[Task to complete] Once the line containing "Cette sonorisation aquatique" is found in the entries below, restate it and each following line word for word, stopping after the line containing "как выглядит Turtleson".

[Provided information]
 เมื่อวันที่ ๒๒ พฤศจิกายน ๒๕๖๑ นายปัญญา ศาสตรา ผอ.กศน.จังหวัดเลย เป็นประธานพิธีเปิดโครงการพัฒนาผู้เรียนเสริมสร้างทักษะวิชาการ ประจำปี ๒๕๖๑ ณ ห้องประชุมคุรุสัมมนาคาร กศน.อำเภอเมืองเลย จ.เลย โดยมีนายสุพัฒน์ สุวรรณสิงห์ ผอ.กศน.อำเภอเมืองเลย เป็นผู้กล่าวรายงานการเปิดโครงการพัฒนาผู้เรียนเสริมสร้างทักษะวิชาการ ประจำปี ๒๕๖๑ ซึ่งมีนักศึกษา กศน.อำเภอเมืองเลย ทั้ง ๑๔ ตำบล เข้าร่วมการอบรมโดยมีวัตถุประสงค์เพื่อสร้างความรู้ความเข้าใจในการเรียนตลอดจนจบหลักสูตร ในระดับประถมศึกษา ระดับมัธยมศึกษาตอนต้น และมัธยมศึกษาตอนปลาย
* * *
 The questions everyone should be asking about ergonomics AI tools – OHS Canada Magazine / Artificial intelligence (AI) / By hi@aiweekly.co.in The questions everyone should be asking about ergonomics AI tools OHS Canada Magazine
--
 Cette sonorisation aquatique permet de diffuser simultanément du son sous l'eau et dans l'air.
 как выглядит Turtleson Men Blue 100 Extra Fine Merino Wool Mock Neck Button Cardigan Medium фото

[Solution for this problem]
 Cette sonorisation aquatique permet de diffuser simultanément du son sous l'eau et dans l'air.
 как выглядит Turtleson Men Blue 100 Extra Fine Merino Wool Mock Neck Button Cardigan Medium фото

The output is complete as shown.